Starting with the line that has "3 сентября 1917" and finishing with the line that has "Presiden ke-7 Joko", set down each line below exactly. Pictures are not copied.
===== The data =====
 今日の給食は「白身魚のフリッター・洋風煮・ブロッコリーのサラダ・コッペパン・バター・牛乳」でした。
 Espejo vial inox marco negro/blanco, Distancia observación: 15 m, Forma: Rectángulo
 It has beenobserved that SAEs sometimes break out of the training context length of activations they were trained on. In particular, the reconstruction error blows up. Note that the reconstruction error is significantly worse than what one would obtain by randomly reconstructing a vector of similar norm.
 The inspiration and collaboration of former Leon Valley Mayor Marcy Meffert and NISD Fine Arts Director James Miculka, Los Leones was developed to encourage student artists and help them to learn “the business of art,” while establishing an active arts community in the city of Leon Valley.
=====
===== The data =====
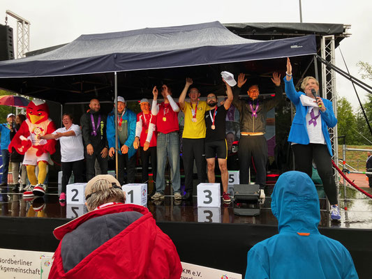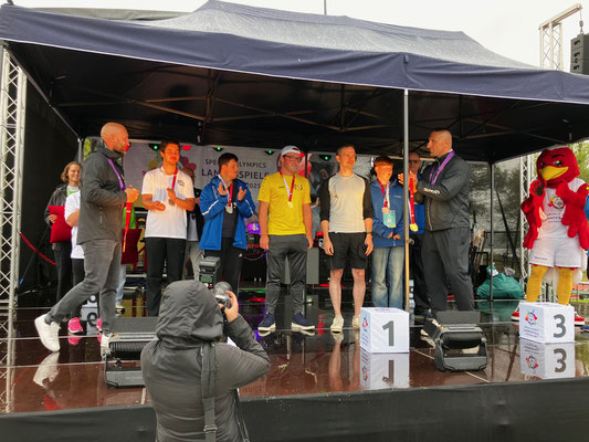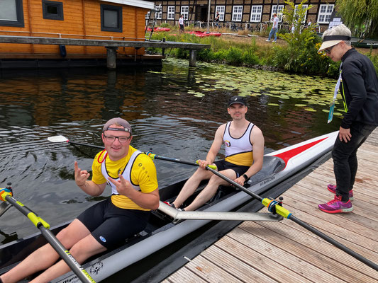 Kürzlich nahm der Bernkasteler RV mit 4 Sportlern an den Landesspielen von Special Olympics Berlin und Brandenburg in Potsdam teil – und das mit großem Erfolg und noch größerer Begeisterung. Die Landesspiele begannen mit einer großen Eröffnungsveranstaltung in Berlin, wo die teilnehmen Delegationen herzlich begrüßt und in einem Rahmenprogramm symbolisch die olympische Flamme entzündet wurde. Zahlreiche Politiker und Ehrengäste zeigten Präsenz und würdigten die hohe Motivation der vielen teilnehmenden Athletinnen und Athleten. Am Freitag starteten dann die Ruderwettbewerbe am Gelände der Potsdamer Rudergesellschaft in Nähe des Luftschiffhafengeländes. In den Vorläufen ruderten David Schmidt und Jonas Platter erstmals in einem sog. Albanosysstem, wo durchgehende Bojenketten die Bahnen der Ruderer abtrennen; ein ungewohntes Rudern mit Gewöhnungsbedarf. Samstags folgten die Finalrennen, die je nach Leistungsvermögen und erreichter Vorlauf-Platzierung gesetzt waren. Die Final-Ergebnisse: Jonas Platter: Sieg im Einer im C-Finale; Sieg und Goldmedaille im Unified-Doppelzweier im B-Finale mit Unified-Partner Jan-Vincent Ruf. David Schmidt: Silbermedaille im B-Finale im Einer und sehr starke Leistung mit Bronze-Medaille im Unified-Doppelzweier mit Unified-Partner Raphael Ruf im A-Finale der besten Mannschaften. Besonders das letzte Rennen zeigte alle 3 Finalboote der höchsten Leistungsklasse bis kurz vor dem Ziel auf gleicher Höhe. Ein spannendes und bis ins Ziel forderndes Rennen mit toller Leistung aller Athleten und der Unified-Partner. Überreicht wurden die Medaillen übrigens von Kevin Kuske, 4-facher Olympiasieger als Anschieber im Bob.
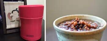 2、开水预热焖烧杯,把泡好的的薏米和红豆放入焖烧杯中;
=====
===== The data =====
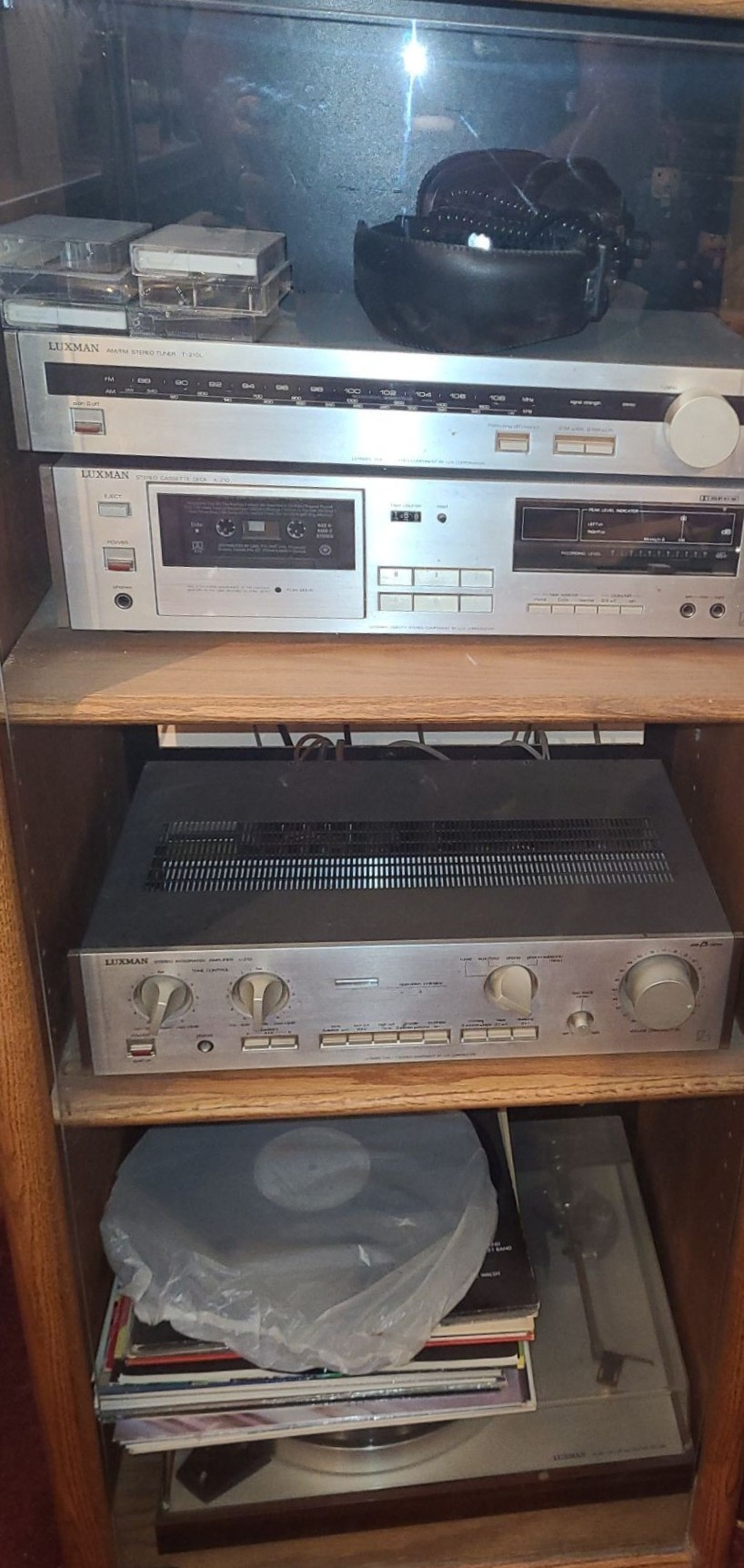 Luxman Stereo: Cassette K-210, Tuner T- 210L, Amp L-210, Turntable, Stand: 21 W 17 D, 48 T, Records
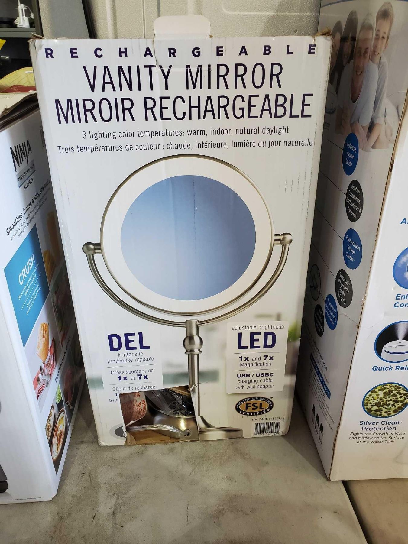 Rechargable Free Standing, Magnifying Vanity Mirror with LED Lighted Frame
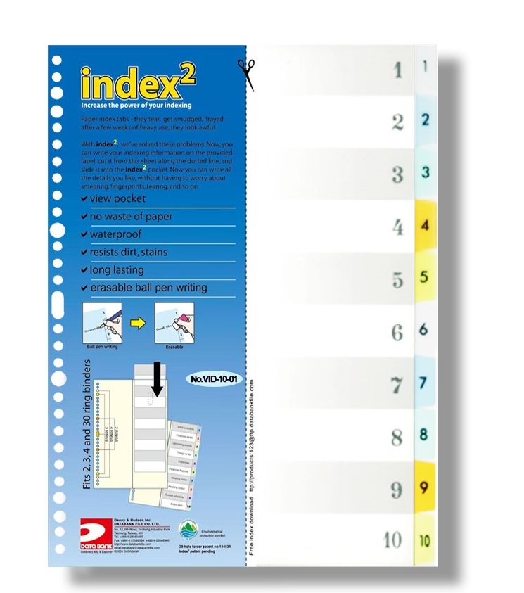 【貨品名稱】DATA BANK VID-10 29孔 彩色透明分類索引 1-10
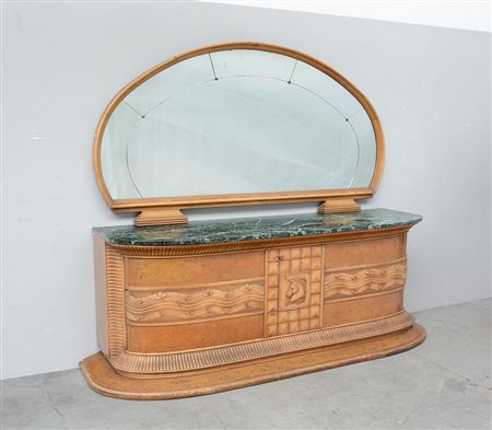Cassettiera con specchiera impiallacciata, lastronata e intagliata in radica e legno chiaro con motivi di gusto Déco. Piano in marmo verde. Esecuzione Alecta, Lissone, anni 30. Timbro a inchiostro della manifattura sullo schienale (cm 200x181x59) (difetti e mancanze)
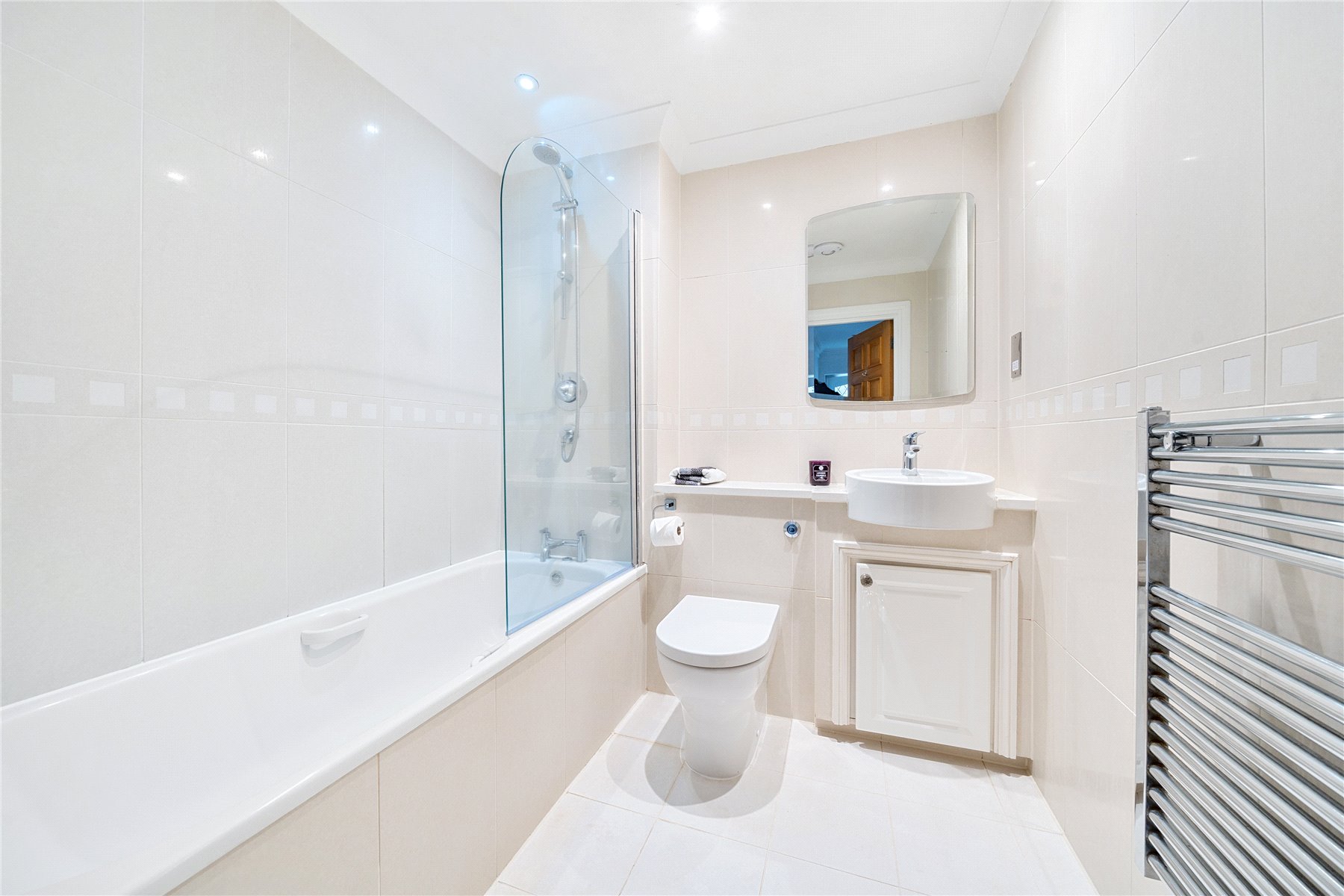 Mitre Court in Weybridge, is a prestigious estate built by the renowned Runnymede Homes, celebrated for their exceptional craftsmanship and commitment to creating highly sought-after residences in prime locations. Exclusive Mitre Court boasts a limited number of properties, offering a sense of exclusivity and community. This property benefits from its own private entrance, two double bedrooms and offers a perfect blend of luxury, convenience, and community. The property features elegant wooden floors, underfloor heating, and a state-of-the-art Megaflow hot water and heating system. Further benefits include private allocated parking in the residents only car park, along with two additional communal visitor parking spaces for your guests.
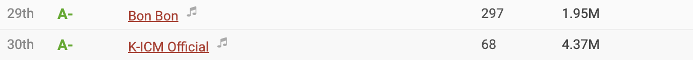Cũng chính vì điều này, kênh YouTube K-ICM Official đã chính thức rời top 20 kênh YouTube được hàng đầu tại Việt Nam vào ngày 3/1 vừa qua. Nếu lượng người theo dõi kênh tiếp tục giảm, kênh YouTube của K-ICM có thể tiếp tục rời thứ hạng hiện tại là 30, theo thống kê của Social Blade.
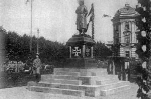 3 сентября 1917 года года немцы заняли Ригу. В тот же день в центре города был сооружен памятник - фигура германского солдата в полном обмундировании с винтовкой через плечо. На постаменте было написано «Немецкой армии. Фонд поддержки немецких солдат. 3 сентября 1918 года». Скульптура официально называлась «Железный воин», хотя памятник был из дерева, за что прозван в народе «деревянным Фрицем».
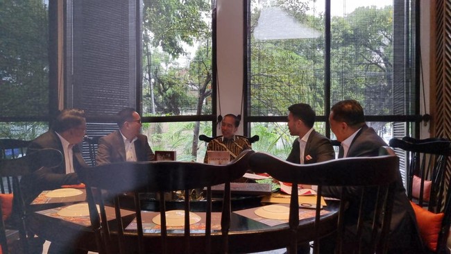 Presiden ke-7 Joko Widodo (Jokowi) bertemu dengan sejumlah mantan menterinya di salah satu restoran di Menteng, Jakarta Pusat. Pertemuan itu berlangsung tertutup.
=====
* [Problem solution]:
 3 сентября 1917 года года немцы заняли Ригу. В тот же день в центре города был сооружен памятник - фигура германского солдата в полном обмундировании с винтовкой через плечо. На постаменте было написано «Немецкой армии. Фонд поддержки немецких солдат. 3 сентября 1918 года». Скульптура официально называлась «Железный воин», хотя памятник был из дерева, за что прозван в народе «деревянным Фрицем».
 Presiden ke-7 Joko Widodo (Jokowi) bertemu dengan sejumlah mantan menterinya di salah satu restoran di Menteng, Jakarta Pusat. Pertemuan itu berlangsung tertutup.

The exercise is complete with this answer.